# INFORMATION:
[Start of Attachment]

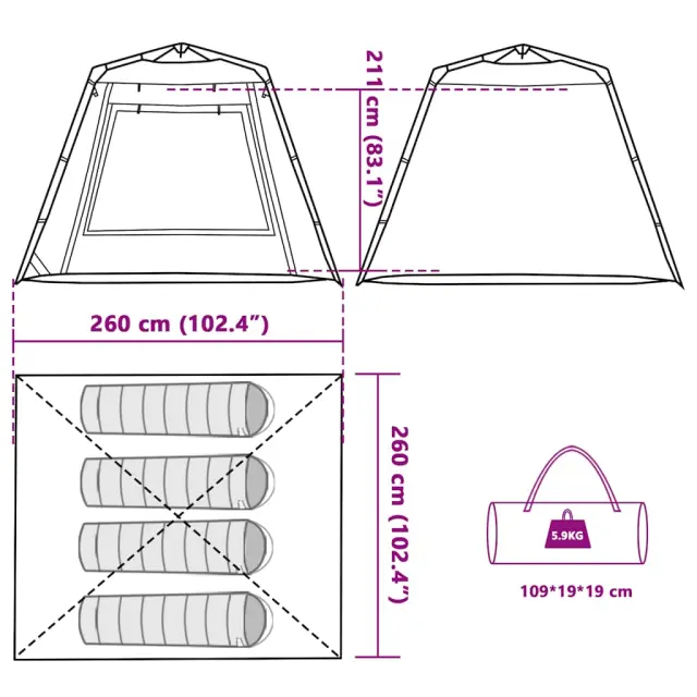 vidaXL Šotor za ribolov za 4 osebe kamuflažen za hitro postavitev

[End of Attachment]
[Start of Attachment]

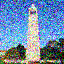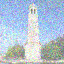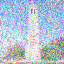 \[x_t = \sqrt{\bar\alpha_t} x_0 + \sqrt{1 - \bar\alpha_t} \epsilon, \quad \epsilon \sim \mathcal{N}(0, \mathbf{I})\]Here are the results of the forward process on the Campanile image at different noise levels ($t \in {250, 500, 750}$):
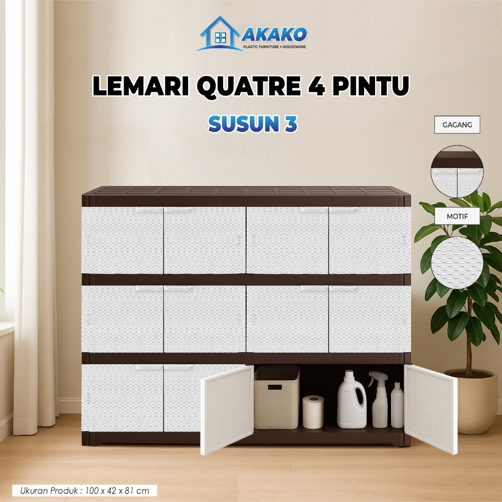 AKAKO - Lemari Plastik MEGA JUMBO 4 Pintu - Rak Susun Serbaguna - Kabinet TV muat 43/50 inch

[End of Attachment]

# TRY IT:
What are the lines above from the one with "are the results" to the one with "AKAKO - Lemari", both included? Reproduce them exactly, without pictures.

# RESPONSE TO THIS EXERCISE:
 \[x_t = \sqrt{\bar\alpha_t} x_0 + \sqrt{1 - \bar\alpha_t} \epsilon, \quad \epsilon \sim \mathcal{N}(0, \mathbf{I})\]Here are the results of the forward process on the Campanile image at different noise levels ($t \in {250, 500, 750}$):
 AKAKO - Lemari Plastik MEGA JUMBO 4 Pintu - Rak Susun Serbaguna - Kabinet TV muat 43/50 inch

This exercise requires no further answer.